(Dataset content begins)

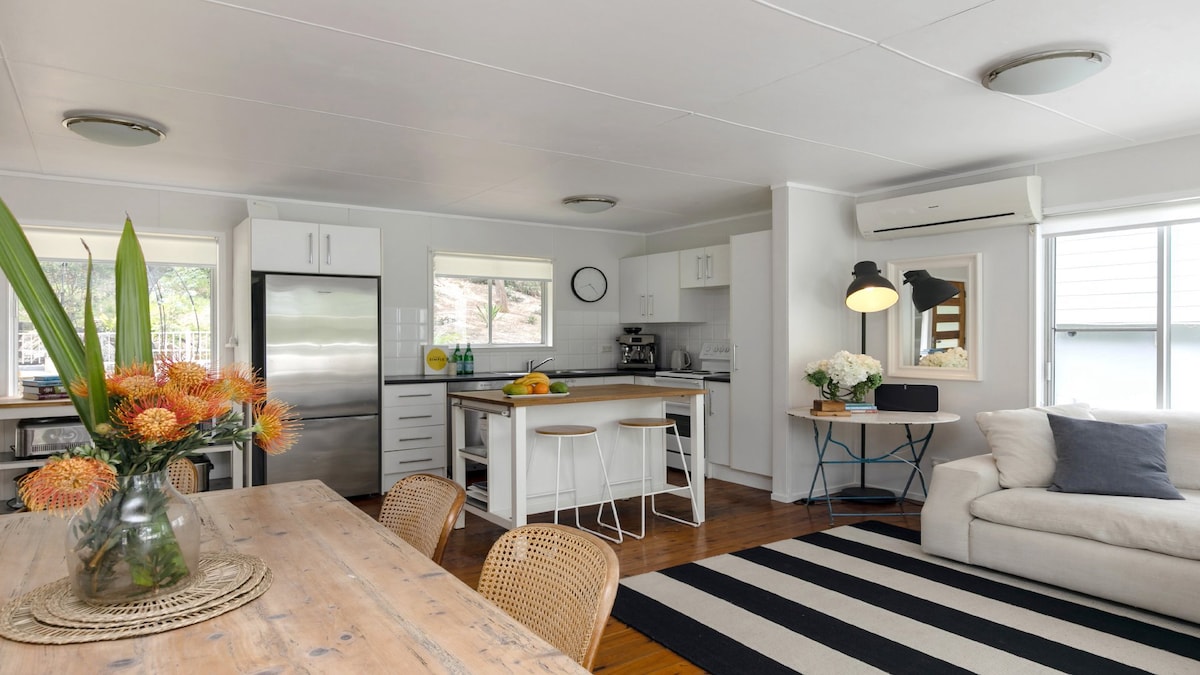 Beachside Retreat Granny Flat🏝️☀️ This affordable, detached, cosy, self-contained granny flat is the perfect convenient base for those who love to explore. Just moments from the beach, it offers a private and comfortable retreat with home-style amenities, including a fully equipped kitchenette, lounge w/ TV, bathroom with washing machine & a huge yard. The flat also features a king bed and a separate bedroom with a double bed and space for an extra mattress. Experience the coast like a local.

(Dataset content ends)
(Dataset content begins)

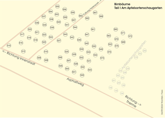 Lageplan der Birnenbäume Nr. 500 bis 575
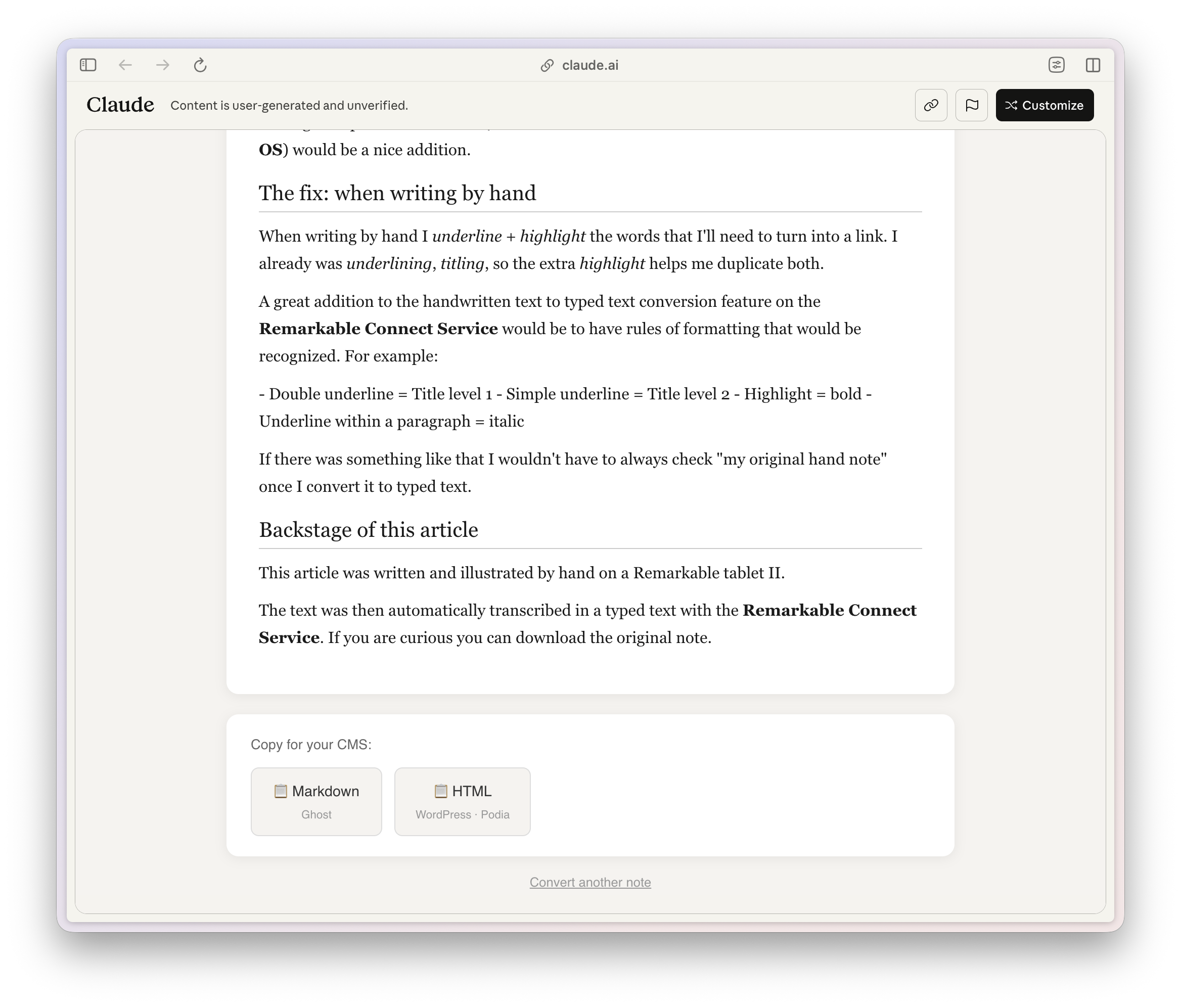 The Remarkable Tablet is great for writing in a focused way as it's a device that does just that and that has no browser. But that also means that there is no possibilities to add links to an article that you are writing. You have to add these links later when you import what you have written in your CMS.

(Dataset content ends)
(Dataset content begins)

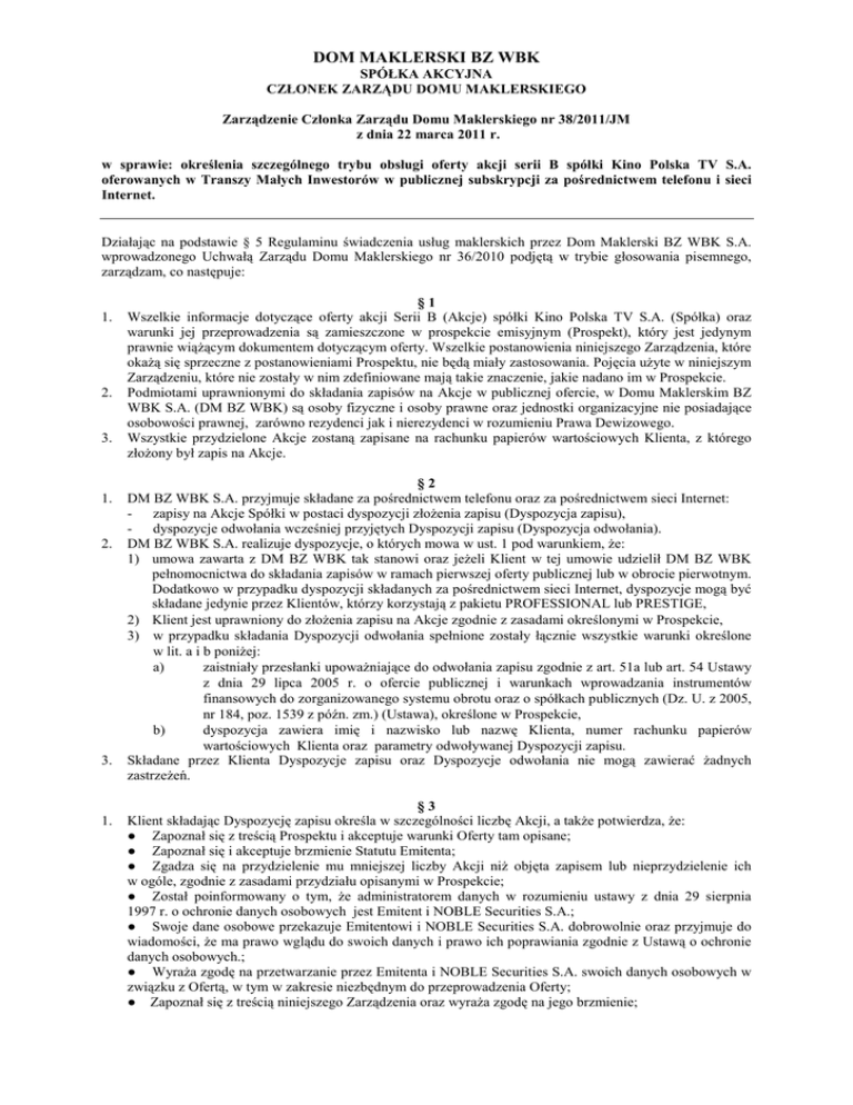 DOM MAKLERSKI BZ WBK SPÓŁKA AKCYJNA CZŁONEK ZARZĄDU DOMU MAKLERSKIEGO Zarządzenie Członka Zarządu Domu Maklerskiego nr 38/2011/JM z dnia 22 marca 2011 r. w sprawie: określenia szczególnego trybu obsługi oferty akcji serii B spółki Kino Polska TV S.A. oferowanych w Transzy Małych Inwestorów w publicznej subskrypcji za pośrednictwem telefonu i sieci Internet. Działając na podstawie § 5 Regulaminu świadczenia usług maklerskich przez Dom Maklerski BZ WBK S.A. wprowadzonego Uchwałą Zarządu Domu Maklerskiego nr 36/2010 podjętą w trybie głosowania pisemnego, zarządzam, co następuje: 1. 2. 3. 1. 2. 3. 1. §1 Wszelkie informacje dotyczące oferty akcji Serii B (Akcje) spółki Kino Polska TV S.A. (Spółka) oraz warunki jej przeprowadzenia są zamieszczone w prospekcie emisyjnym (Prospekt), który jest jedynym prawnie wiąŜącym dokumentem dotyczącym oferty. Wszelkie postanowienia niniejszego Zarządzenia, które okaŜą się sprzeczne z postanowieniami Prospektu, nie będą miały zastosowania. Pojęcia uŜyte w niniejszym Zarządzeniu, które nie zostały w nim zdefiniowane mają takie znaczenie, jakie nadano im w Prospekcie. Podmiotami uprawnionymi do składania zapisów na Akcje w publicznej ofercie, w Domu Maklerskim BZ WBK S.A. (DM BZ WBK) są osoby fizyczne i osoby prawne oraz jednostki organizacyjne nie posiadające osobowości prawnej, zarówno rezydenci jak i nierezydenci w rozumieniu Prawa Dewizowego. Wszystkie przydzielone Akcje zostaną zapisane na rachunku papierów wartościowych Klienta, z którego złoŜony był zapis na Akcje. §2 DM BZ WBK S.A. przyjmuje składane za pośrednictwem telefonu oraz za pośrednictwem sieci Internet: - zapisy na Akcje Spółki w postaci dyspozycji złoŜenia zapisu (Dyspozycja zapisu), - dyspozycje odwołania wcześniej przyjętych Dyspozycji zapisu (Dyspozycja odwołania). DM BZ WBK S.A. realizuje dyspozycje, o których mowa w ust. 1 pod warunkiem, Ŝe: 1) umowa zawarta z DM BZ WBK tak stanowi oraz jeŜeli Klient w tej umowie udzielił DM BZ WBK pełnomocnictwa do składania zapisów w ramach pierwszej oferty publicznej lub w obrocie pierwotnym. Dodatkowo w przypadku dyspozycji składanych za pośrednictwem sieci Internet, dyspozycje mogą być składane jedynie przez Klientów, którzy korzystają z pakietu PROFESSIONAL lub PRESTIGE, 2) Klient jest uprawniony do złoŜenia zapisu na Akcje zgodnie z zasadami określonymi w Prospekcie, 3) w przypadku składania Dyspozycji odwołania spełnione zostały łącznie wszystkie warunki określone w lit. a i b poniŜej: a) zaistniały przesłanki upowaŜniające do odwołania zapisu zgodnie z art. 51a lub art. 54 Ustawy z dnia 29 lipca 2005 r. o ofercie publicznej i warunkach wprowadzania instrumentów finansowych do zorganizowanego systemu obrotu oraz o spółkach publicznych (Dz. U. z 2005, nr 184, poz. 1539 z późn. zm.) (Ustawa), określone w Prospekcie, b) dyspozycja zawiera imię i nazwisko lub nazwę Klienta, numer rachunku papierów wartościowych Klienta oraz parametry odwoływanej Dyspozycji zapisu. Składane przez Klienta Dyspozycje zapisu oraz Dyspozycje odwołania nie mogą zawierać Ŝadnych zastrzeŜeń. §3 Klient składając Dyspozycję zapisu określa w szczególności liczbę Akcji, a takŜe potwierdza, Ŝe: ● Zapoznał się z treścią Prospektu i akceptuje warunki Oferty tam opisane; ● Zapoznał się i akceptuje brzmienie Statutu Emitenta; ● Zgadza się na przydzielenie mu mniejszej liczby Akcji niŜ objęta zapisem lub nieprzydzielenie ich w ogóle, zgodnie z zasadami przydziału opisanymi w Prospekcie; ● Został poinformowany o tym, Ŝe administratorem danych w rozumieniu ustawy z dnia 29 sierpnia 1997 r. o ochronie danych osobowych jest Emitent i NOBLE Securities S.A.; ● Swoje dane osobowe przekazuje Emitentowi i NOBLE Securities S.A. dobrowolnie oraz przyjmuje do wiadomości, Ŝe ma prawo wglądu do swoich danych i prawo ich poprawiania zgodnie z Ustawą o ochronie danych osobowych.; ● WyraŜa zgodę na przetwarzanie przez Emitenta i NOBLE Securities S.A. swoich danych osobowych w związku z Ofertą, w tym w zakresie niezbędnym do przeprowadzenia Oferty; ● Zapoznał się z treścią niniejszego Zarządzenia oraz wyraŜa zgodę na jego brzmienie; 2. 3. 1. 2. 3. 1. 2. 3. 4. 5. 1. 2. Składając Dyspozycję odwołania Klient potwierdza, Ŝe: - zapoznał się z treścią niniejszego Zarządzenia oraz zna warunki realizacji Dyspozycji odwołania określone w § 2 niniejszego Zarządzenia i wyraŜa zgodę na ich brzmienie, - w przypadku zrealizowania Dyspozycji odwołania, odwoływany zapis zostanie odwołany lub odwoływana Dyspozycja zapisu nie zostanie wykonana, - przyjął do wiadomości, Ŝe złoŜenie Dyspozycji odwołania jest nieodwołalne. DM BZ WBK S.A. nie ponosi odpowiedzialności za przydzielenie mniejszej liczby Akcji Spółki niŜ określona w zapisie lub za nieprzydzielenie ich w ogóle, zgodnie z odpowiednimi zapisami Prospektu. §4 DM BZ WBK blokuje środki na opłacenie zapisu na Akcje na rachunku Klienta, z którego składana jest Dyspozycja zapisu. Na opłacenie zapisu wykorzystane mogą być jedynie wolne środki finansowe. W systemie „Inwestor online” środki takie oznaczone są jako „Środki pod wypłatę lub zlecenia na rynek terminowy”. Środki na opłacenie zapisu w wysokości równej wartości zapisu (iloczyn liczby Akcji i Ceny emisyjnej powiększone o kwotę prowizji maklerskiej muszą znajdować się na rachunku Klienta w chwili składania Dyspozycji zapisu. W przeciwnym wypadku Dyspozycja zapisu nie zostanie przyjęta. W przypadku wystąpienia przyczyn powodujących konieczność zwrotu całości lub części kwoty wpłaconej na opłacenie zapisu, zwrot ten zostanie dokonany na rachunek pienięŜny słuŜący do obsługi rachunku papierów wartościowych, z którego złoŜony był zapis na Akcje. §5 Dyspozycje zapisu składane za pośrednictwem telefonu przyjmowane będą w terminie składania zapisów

(Dataset content ends)

> Problem details: Repeat the lines above exactly, beginning with the one containing "Lageplan der Birnenbäume Nr. 500 bis 575" and finishing with the one containing "The Remarkable Tablet". No pictures belong in the copy.

> Result of the task:
 Lageplan der Birnenbäume Nr. 500 bis 575
 The Remarkable Tablet is great for writing in a focused way as it's a device that does just that and that has no browser. But that also means that there is no possibilities to add links to an article that you are writing. You have to add these links later when you import what you have written in your CMS.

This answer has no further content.